Decision Desktop is a flexible, customisable tool that augments decision-maker's cognition by enabling them to acquire, visualise and manipulate diverse and dynamic information - however they wish and whenever they need it.
Decision-makers require access to ‘pools of information’ distributed across an organisation, but current systems are too often hardwired to specific, inflexible data formats.
Organisations may require data from new partners, or new sources, to be fed into existing systems at short notice. Existing systems cannot cope with new data types or changes to legacy data formats at run-time.
People often need to keep track of the source, reliability and age of information items, and handle information overload, multiple conflicting reports, and uncertainty.
Warfighters should be able to customise their displays during execution to meet the military imperative, not have to use ones hardwired at design time. Conflict is unpredictable and dynamic, and so requires flexible tools.
The Decision Desktop is a system that meets these needs.
Customisable visualisation, using plug-in objects to control extraction, filtering and appearance of information
Decision Desktop consists of a collection of customisable views onto information.
Each view addresses a different form of visualisation - each with its own 'modality'. For example, maps show location, Gantt charts show time. New types of view can be plugged-in as required without changing any existing software.

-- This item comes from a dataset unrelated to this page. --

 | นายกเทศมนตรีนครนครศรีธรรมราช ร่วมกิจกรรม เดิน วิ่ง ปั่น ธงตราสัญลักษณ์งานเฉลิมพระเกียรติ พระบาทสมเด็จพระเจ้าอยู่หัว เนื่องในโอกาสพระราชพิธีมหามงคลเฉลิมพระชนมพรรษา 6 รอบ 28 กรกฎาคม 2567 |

A back-end data management system handles information in a uniform way, tagging it with metadata such as source and timestamp.
The user interacts with the system by dragging objects to views, selecting and filtering information about these objects, and choosing the desired visualisations.

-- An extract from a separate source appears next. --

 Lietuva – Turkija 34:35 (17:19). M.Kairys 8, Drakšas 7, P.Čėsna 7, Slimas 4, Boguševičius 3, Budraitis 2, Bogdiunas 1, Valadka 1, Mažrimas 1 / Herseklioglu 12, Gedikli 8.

The Decision Desktop is process-neutral; it is driven by the user to support their current needs and imperatives; it does not impose procedures or processes on the user.

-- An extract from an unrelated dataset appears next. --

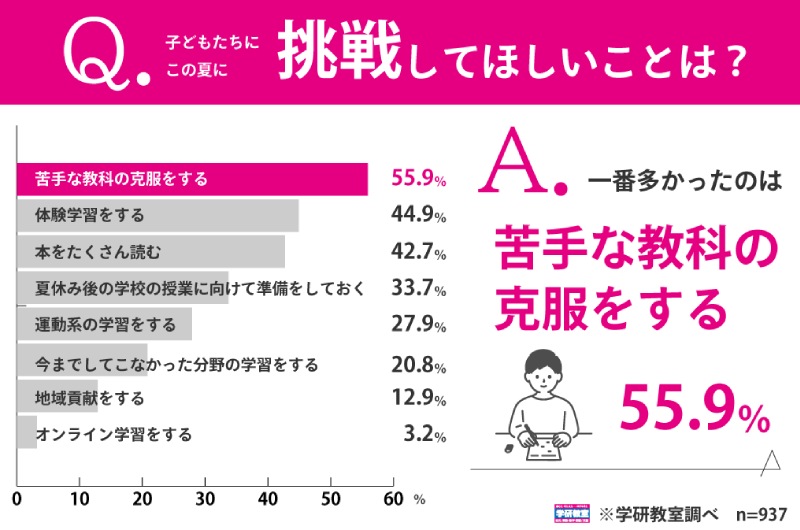 また、「子どもたちにこの夏挑戦してほしいことは?」の質問で一番多かったのは、「苦手な教科の克服をしてほしい(55.9%)」が約6割、続いて「体験学習をする(44.9%)」「本をたくさん読む(42.7%)」が約4割となった。

Decision Desktop can integrate information from diverse sources, using software agents to find and translate data.
Such information can be visualised in a variety of ways by adding it to a view, then choosing and configuring components such as filters, palettes and symbol libraries. New components can be added at any time if required.
Same data, different views
Information can be filtered according to its source, age, or any other arbitrary criteria.
The management of uncertainty and conflicting data is integral to the system, allowing users to make their own decisions and choices.
The Decision Desktop allows users to ‘drill down’ to the underlying data to understand higher-level visualisations.
Users can save their personal set of views and transfer them to other computing devices.
A basic core framework is enhanced with plug-in components for processing, viewing, colouring and filtering information.
Decision Desktop components are entirely independent of one another and so can be added or removed at runtime. They can store their state for later recall or sharing with others.
Basic Concepts
Views query the data store to find attributes such as location or time to create a meaningful display, even for unexpected data types. New object types can thus be displayed with no code changes.
Data are processed using modern Semantic Web technologies, enabling machines to reason effectively with the information, discover implicit knowledge and behave more intelligently.
Decision Desktop uses software agents to acquire and translate data from diverse distributed sources.